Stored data
******************************

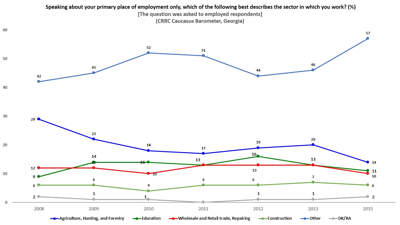 According to CRRC’s Caucasus Barometer (CB) surveys from 2008 to 2015, the self-reported employment rate is rather stable in Georgia – approximately 35%. This blog post looks at the trends in CB data on primary employment sector and type of primary workplace. Throughout the post, only the answers of those who reported being employed – slightly above a third of the population – are analyzed.
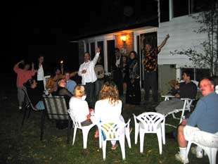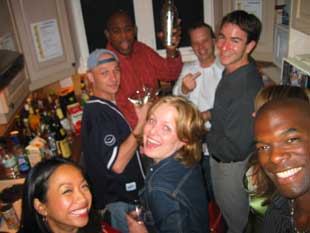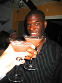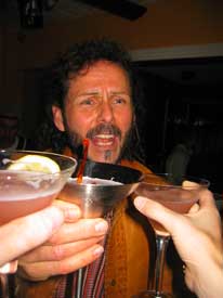 "Pay attention! When I hold my martini up like this, I expect EVERYONE to cheers me." |
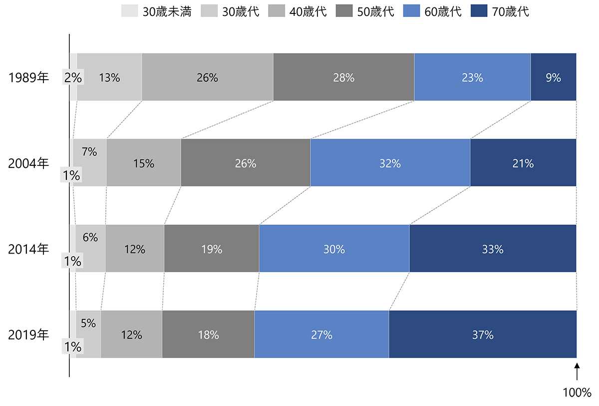 資産構造の偏在も、ニーズをさらに複雑にさせている。日本の家計金融資産は約2,200兆円に達し、その相当割合を65歳以上の高齢世代が保有しているという現状がある(図表6)。近年は高齢層同士の相続(いわゆる老老相続)が進行し、資産が高齢世代内で留まる傾向も強まっている。老老相続や資産偏在のもとで、貯蓄や不動産などの「ストック」を基盤に生活・消費を行う高齢者層が存在する一方、共働き世代は月々の収入や可処分所得といった「フロー」を軸にした消費パターンで暮らしているという世代間の違いが明瞭になっている。したがって、高齢者の貯蓄をどのように自社サービスの消費に繋げていくのかといった新たな事業領域の拡大・商品開発の必要性も生まれる。
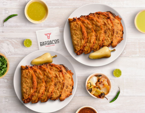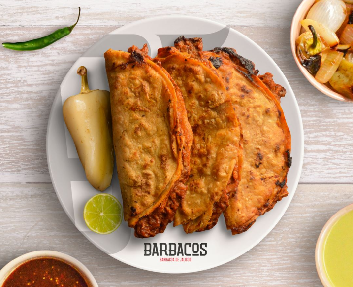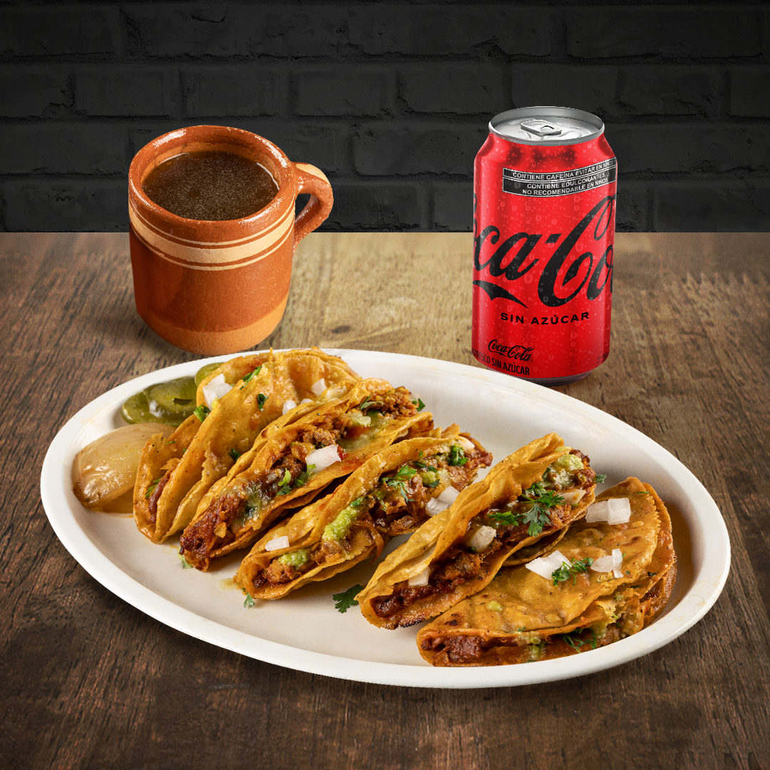 5 Tacos de barbacoa, 1 consomé, 1 bebida individual.
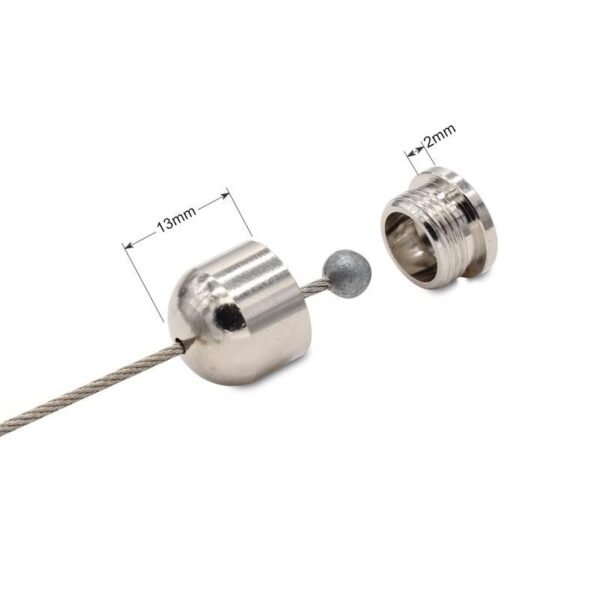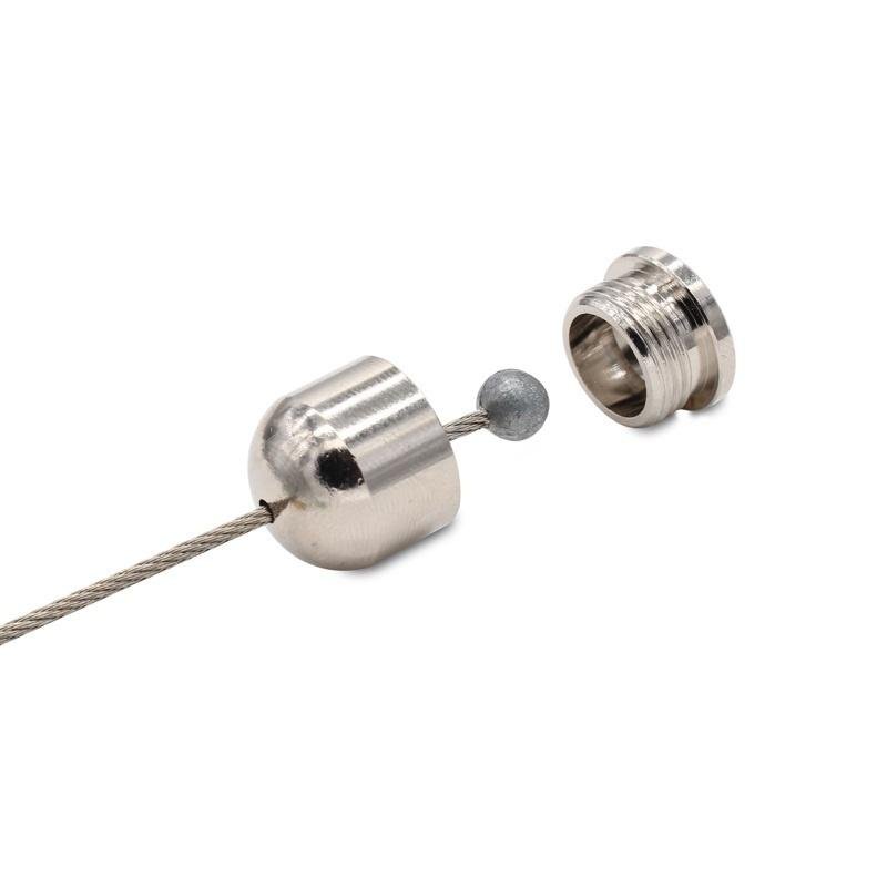 The two-part attachment consists of a male externally threaded base plate and an internally threaded dome cover to encapsulate a wire support stop end. Slot in the dome cover allows rotation of the wire rope through an angle of up to 60 degrees (maximum).
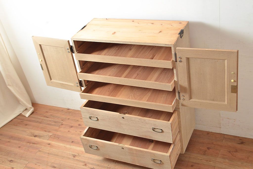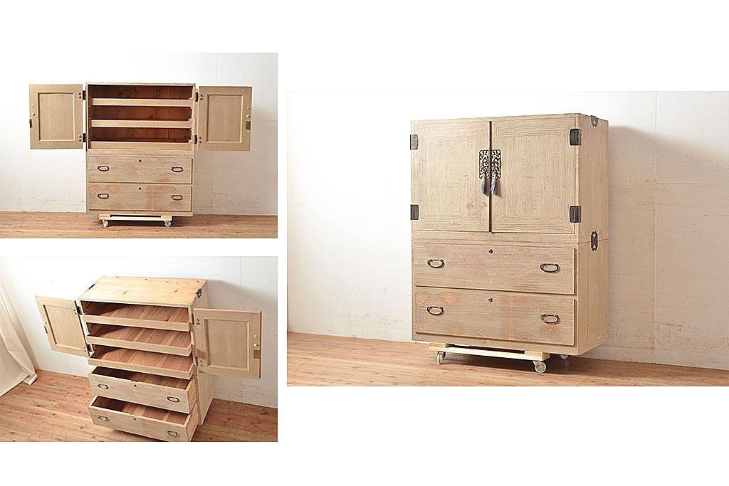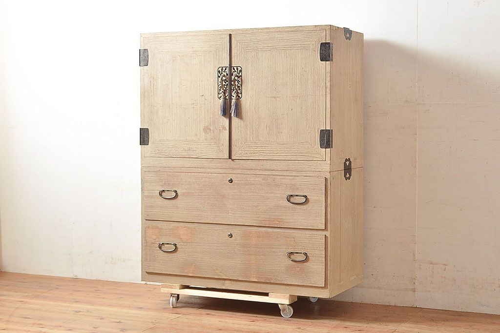 和箪笥				> 和製アンティーク 前面桐材 衣装盆付き 桐箪笥(着物箪笥、引き出し、和タンス、衣装箪笥)(R-048506)

******************************

From the line containing "The two-part attachment" down to the final line of the records above, restate every line word for word, add nothing, and skip the pictures.

• Solution for this problem
 The two-part attachment consists of a male externally threaded base plate and an internally threaded dome cover to encapsulate a wire support stop end. Slot in the dome cover allows rotation of the wire rope through an angle of up to 60 degrees (maximum).
 和箪笥				> 和製アンティーク 前面桐材 衣装盆付き 桐箪笥(着物箪笥、引き出し、和タンス、衣装箪笥)(R-048506)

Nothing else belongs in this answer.